Four nodes are chosen for the data throughput test based on local hardware and testing methods. On the server side, four terminals are enabled and four sets of experimental data are picked at random to form Figure 4.

Transaction latency is another important performance parameter. It reflects the period between transaction submission and blockchain writing. In the same network setting, the Merkle-B tree algorithm reduces the consensus process. Figure 5 shows the transaction latency comparison histogram for the Merkle-B tree algorithm, mix, and the skip list technique.

Finally, this paper designs a new optimized query algorithm that uses the Merkle-B tree to optimize the existing data structure. At the same time, it uses the skip table structure to establish an effective query index to improve the efficiency of the data queries on the blockchain.

To evaluate the query performance of the new method, a comparative experiment was designed. The investigation contains four ways: the first method uses the traditional blockchain method to query (origin method). The second method uses the technique of optimizing the existing data structure through the Merkle-B tree for query (Merkle-B tree method). The third method uses the method of a skip table structure for question (skip list method). The fourth method uses the optimized query algorithm of Merkle-B tree and forgettable system proposed in this paper for question (mix method). The data asset information of different capacities is queried separately through these four methods, and the query time is recorded.

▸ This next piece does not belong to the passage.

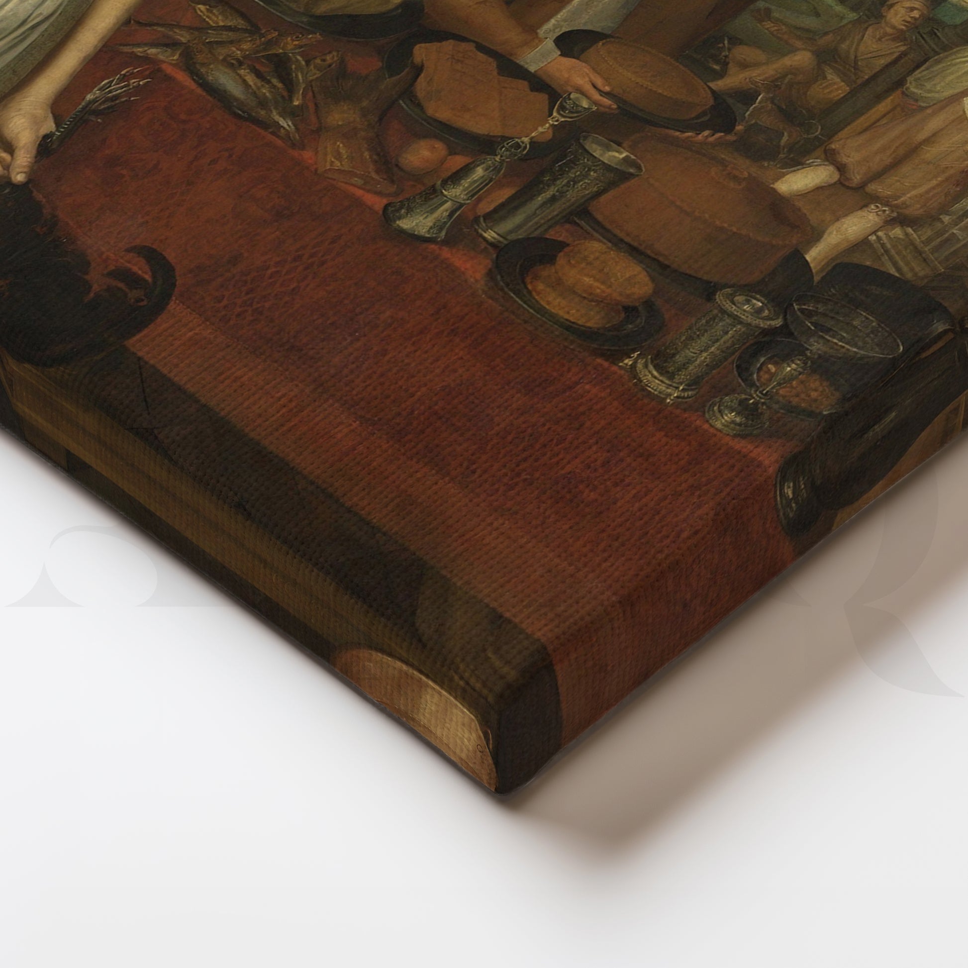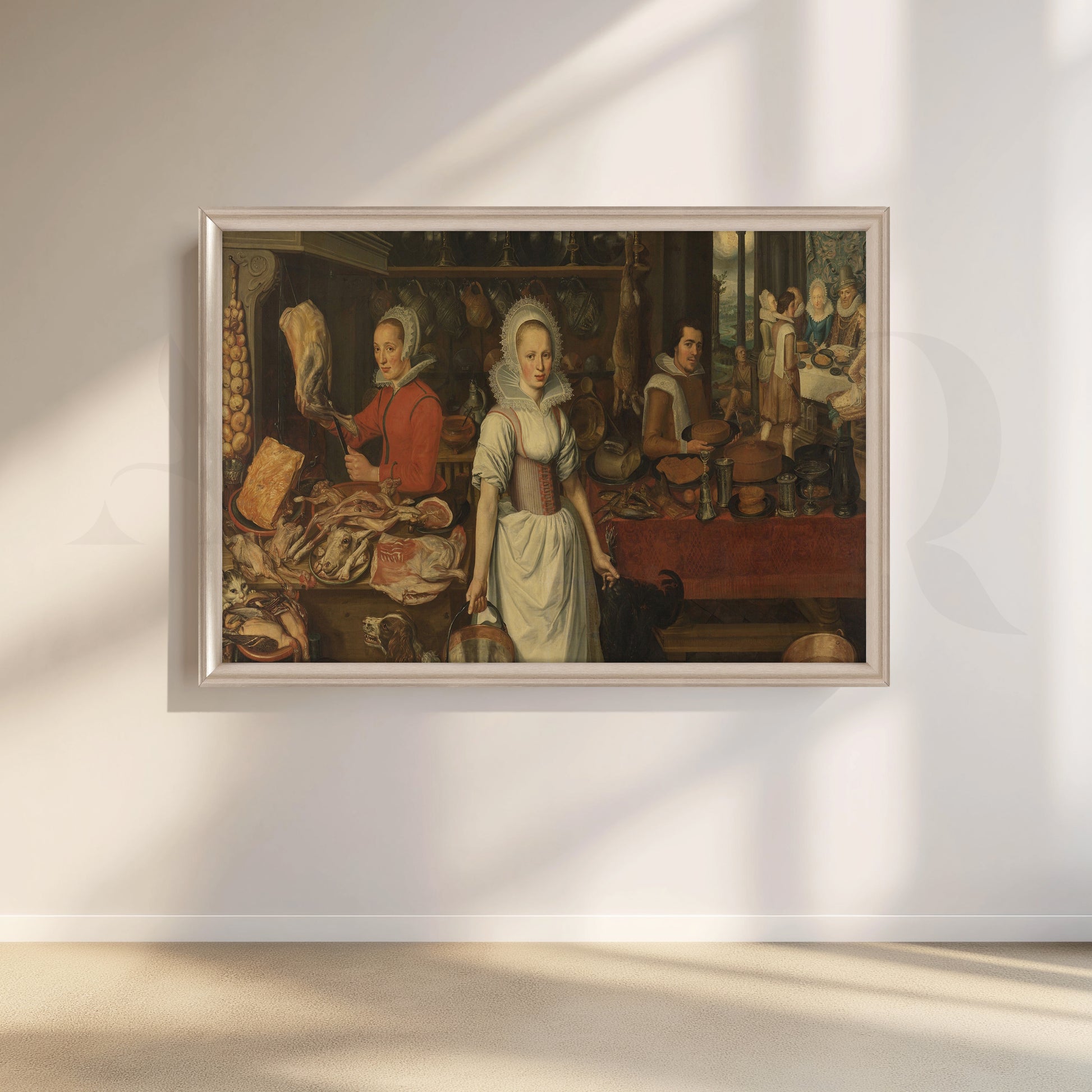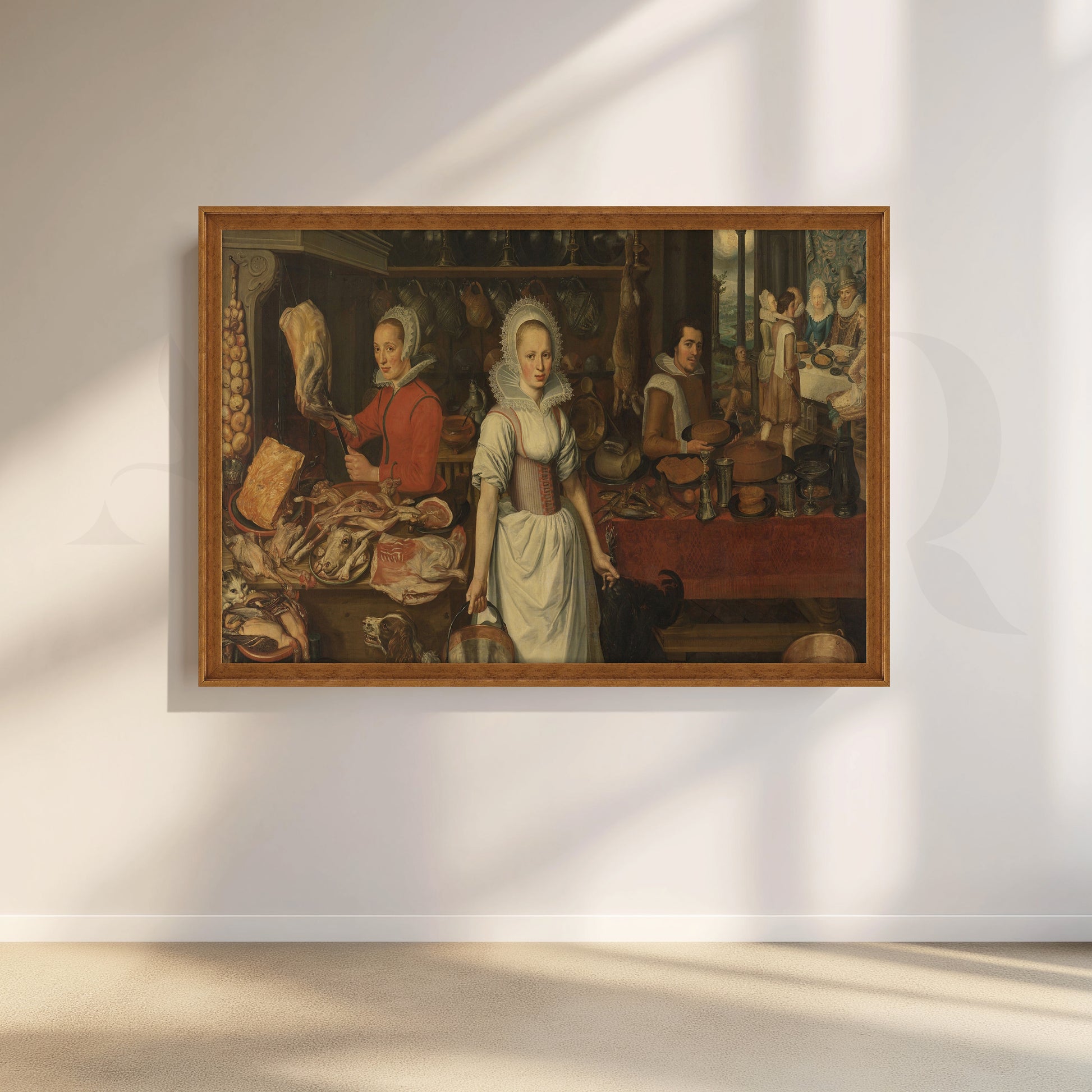 Having a piece of history. This beautiful painting is a detailed kitchen scene, filled with religious symbolism from the parable of the rich man and the poor Lazarus. The rich colors and exquisite detail characteristic of Dutch Golden Age painting bring this art to life.
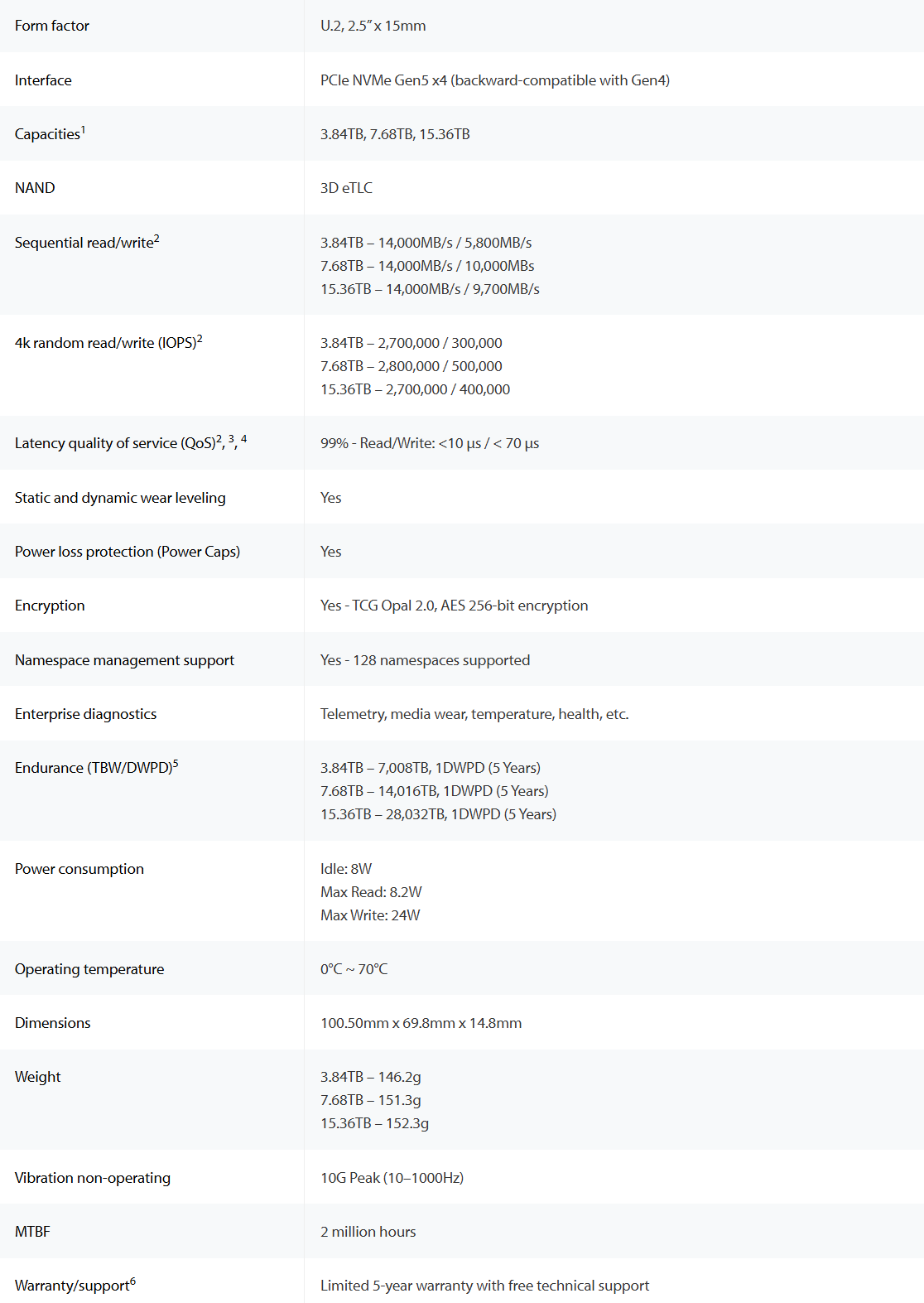 The Kingston DC3000ME Gen5 SSD is a 1-Drive Write Per Day (1DWPD) SSD that achieves endurance of 700TBW for the 3.84TB version and then doubles for every capacity point. This SSD identifies a very respectable 2,000,000 MTBF (mean time between failures) and comes with a 5-year limited warranty.

The query time result is shown in Table 1 and Figure 6. By comparing the query time of the four methods, it can be found that, compared with the original method, the query speed of the three methods (Merkle-B tree method, skip list method, and mix method) using optimized structures has been improved. Among them, the query efficiency of the mixing method is the highest, the efficiency of the skip list method is the second, and the efficiency of the Merkle-B tree method is the lowest. The reason is that although the Merkle-B tree method optimizes the block data structure, the amount of data inside the block is small, so the speed is only slightly increased, only 17%. The skip list method builds an index between blocks, and the query speed is greatly improved, which is increased by 1.24 times, while the mixing method combines the advantages of the Merkle-B tree method and the skip list method, so the data query speed is the fastest, which is increased by 2.33 times.

6. Conclusion

Data asset management is crucial in today’s big data era. Emerging blockchain technology may be applied to data asset management to assure data asset security, privacy, and traceability. Many data asset management systems are based on blockchain technology, but each is tailored to a certain layer of the blockchain system architecture. This article provides a novel model of data asset management based on blockchain, which incorporates applications at all levels of the blockchain system, by summarising and analyzing these mechanisms. It employs them at the network, consensus, data, and smart contract layers. Furthermore, the layer and transaction layers have been optimized.

Data Availability

The data used to support the findings of this study are available from the author upon request (k.aldahlan@uoh.edu.sa).

Conflicts of Interest

The authors declare that they have no conflicts of interest.

Authors’ Contributions

Kawther A. Al-Dhlan wrote the paper, Hamad A. Alreshidi simulated the work, Shahbaz Pervez proof read the paper, Zahida Paraveen validated the method, Akram M. Zeki and Nada M. O. Sid Ahmed added the results, and Eid J. Alshammari and Velmurugan Lingamuthu suggested the changes.

Acknowledgments

The authors would like to extend their sincere appreciation to the Deanship of Scientific Research at University of Ha’il for funding of this Research group Number (RG–191308).